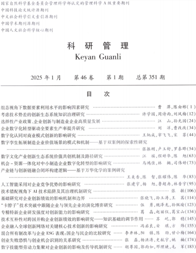 近日,伟德bv国际体育经济管理学院王炳成教授团队在《科研管理》发表题为“数字化认同对商业模式创新的影响研究”的文章。
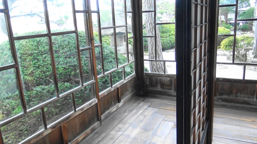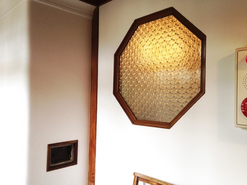 柄の入ったガラスは、当時の日本では、まだ造ることが出来なかったそうです。洋室の壁に付けられたガラスは海外からの輸入品で、大きさから考えても大変高価な品だったことが分かります。このガラスの向こう側は廊下になっており、洋室の明かりで廊下を照らす効果がありました。
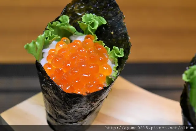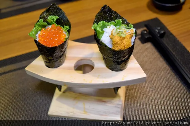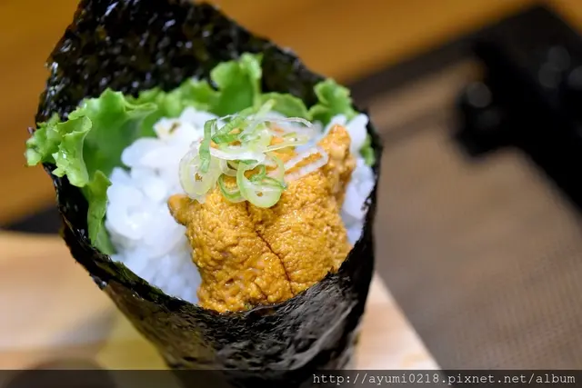 海膽及鮭魚卵部分都很新鮮.底下滿滿的白飯.用生菜包裹著.沒有太多醋飯的溼度跟醋味 我喜歡脆一點的海苔.握壽司吃來口感比較平
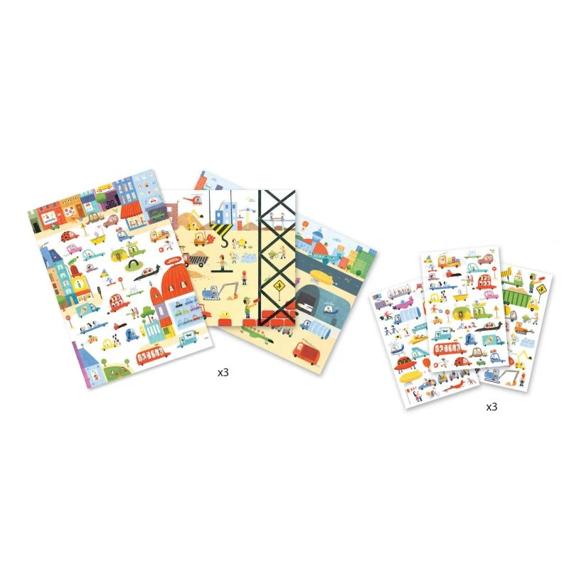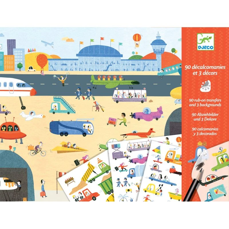 Fans de voitures, avions, engins de chantier … le coffret de décalcomanies tous au volant de Djeco est fait pour vous ! Les 3 scènes illustrées représentent un décor urbain, un chantier et un aéroport. Les enfants vont s’amuser à les remplir à l’aide des 3 planches de décalcomanies fournies contenant 90 motifs de véhicules en tous genres. Des voitures, bien sûr, mais également des bus, des caravanes, des engins de chantier, des hélicoptères, des soucoupes volantes … et même des baignoires à roulettes !
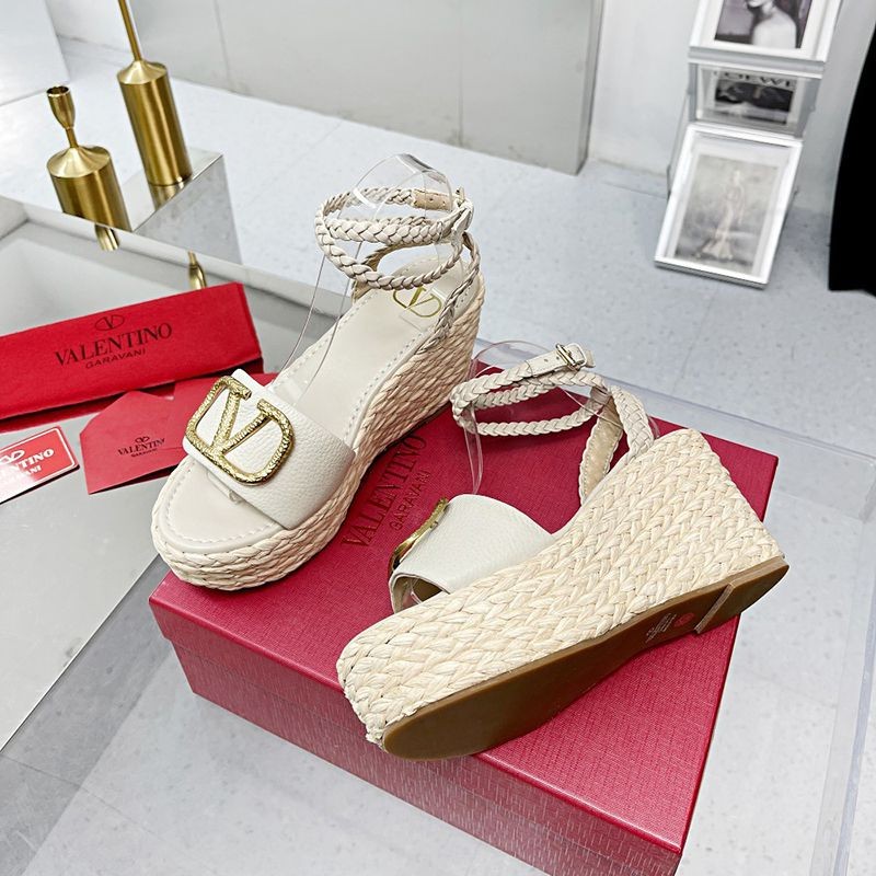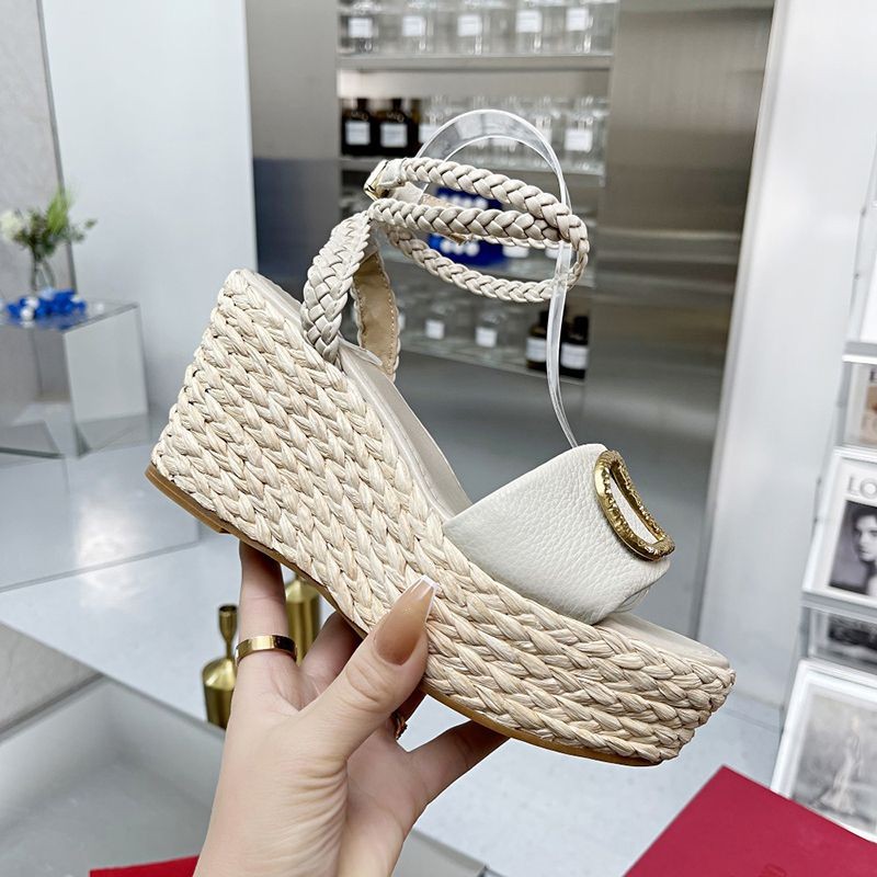 ★日本!!人気!ヴァレンティノ ストラップウェッジサンダル 偽物 ラフィア ピンク outlet Vun99610
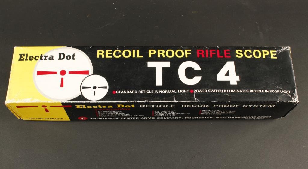 Electra Dot Recoil proof rifle scope Model TC 4 in like new condition in factory cardboard box with inserts. Est.: $50-$75.

============================================================

Pictures do not belong in the copy. Reproduce the rest of the data exactly.

- **Answer**:
 近日,伟德bv国际体育经济管理学院王炳成教授团队在《科研管理》发表题为“数字化认同对商业模式创新的影响研究”的文章。
 柄の入ったガラスは、当時の日本では、まだ造ることが出来なかったそうです。洋室の壁に付けられたガラスは海外からの輸入品で、大きさから考えても大変高価な品だったことが分かります。このガラスの向こう側は廊下になっており、洋室の明かりで廊下を照らす効果がありました。
 海膽及鮭魚卵部分都很新鮮.底下滿滿的白飯.用生菜包裹著.沒有太多醋飯的溼度跟醋味 我喜歡脆一點的海苔.握壽司吃來口感比較平
 Fans de voitures, avions, engins de chantier … le coffret de décalcomanies tous au volant de Djeco est fait pour vous ! Les 3 scènes illustrées représentent un décor urbain, un chantier et un aéroport. Les enfants vont s’amuser à les remplir à l’aide des 3 planches de décalcomanies fournies contenant 90 motifs de véhicules en tous genres. Des voitures, bien sûr, mais également des bus, des caravanes, des engins de chantier, des hélicoptères, des soucoupes volantes … et même des baignoires à roulettes !
 ★日本!!人気!ヴァレンティノ ストラップウェッジサンダル 偽物 ラフィア ピンク outlet Vun99610
 Electra Dot Recoil proof rifle scope Model TC 4 in like new condition in factory cardboard box with inserts. Est.: $50-$75.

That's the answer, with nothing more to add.